▸ **Goal of the exercise**
Pictures stay out of the output. Return exactly the lines below from the one with "This reverent Our" down to the one with "Specjalistyczny biopreparat do", both included, and nothing more.

▸ **Data supplied**
---

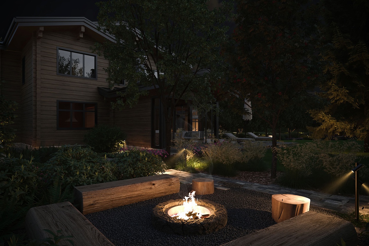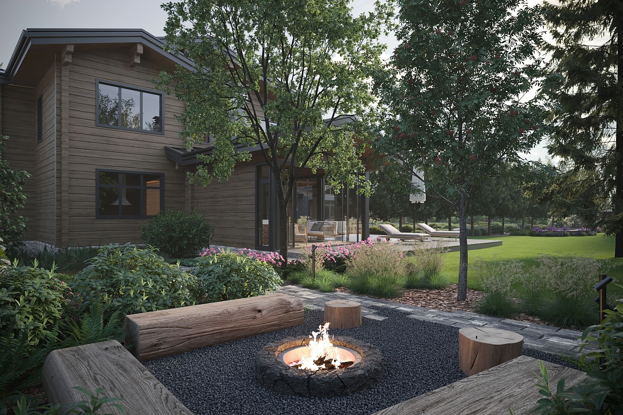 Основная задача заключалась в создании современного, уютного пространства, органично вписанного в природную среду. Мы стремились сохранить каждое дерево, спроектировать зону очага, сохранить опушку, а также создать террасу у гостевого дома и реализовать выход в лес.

---

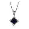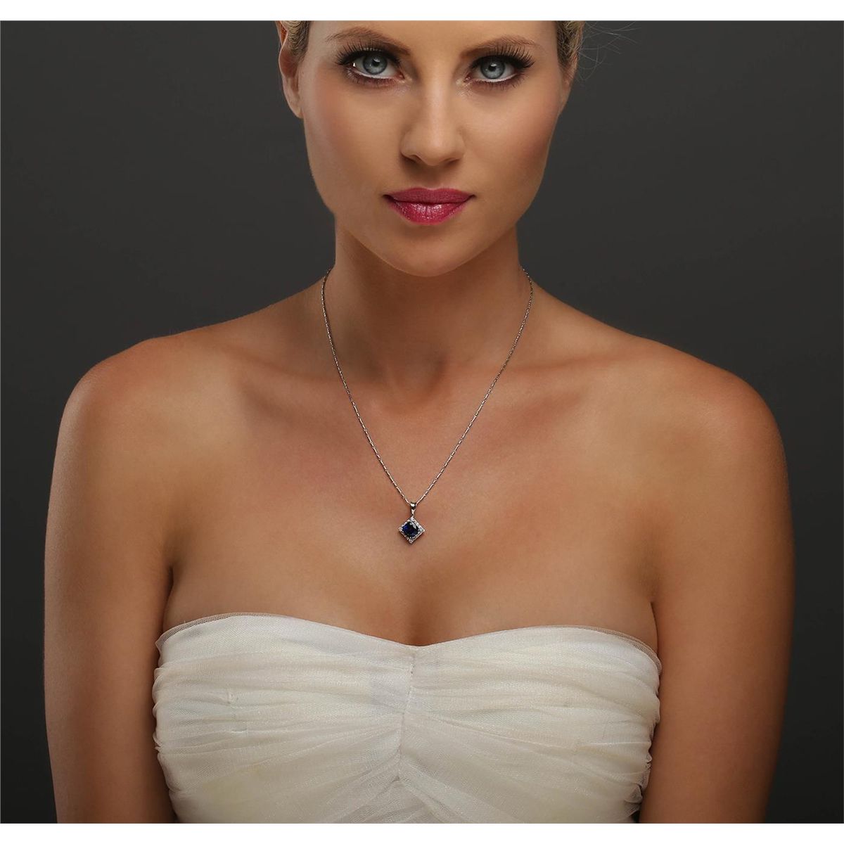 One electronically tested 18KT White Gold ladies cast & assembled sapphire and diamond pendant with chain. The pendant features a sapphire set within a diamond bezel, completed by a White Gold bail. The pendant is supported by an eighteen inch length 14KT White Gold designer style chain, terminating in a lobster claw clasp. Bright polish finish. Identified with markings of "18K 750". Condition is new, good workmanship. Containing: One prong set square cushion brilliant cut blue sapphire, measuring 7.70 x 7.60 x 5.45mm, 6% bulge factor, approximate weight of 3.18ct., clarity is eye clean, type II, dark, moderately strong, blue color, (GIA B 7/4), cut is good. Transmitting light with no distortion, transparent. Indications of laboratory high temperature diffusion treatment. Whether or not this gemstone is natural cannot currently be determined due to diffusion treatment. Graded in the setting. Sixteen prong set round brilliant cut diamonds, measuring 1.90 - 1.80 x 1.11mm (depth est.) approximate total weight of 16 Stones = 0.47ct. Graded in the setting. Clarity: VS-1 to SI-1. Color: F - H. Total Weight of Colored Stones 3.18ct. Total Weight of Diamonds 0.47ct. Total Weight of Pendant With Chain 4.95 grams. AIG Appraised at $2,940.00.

---

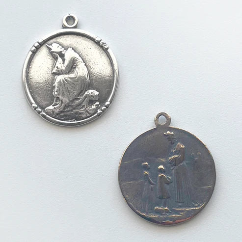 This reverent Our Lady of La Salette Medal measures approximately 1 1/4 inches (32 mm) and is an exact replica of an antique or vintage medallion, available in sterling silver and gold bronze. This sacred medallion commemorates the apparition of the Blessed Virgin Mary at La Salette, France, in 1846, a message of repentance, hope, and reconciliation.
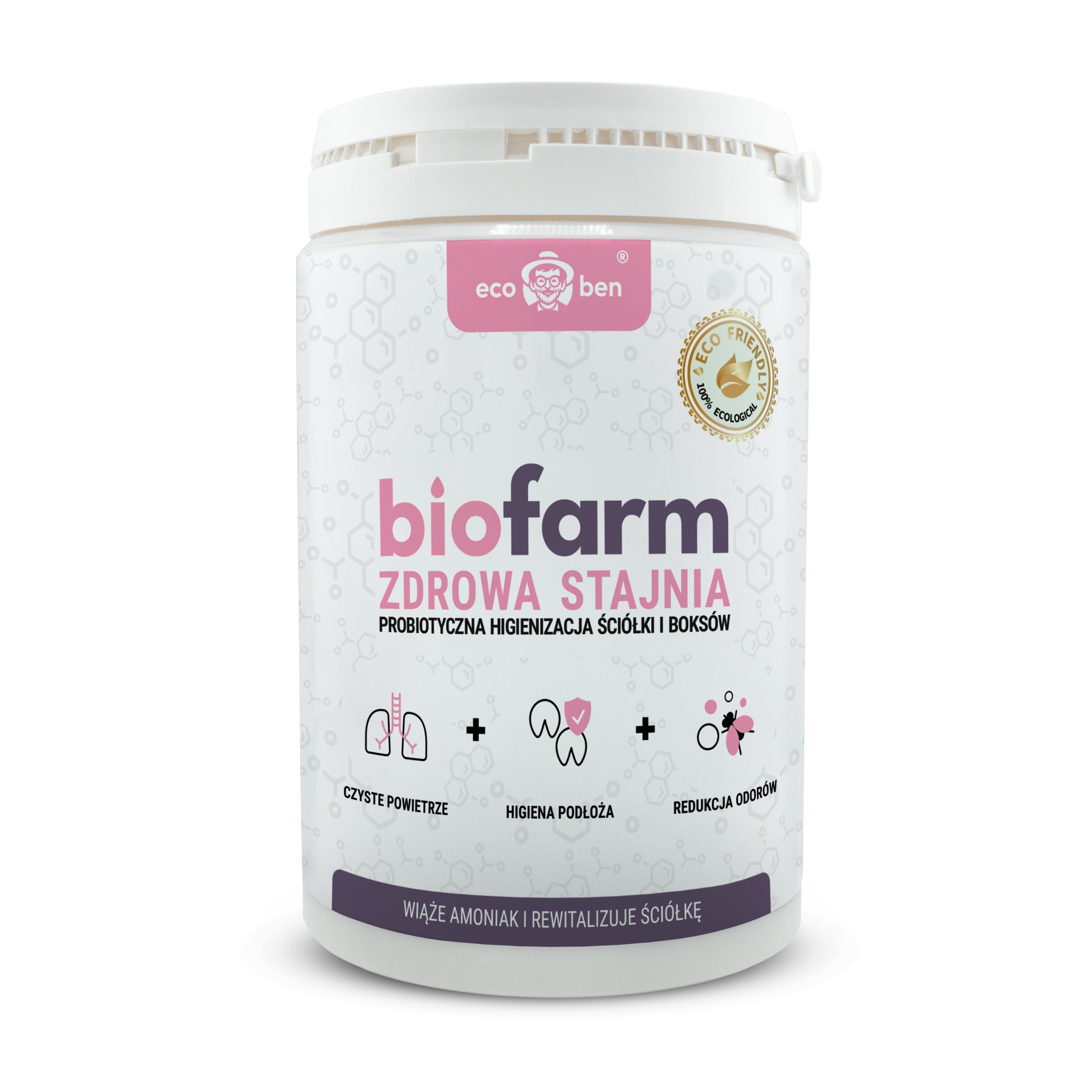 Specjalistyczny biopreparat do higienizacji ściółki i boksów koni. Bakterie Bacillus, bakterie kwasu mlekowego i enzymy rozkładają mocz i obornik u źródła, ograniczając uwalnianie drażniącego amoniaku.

---

▸ **Written solution**
 This reverent Our Lady of La Salette Medal measures approximately 1 1/4 inches (32 mm) and is an exact replica of an antique or vintage medallion, available in sterling silver and gold bronze. This sacred medallion commemorates the apparition of the Blessed Virgin Mary at La Salette, France, in 1846, a message of repentance, hope, and reconciliation.
 Specjalistyczny biopreparat do higienizacji ściółki i boksów koni. Bakterie Bacillus, bakterie kwasu mlekowego i enzymy rozkładają mocz i obornik u źródła, ograniczając uwalnianie drażniącego amoniaku.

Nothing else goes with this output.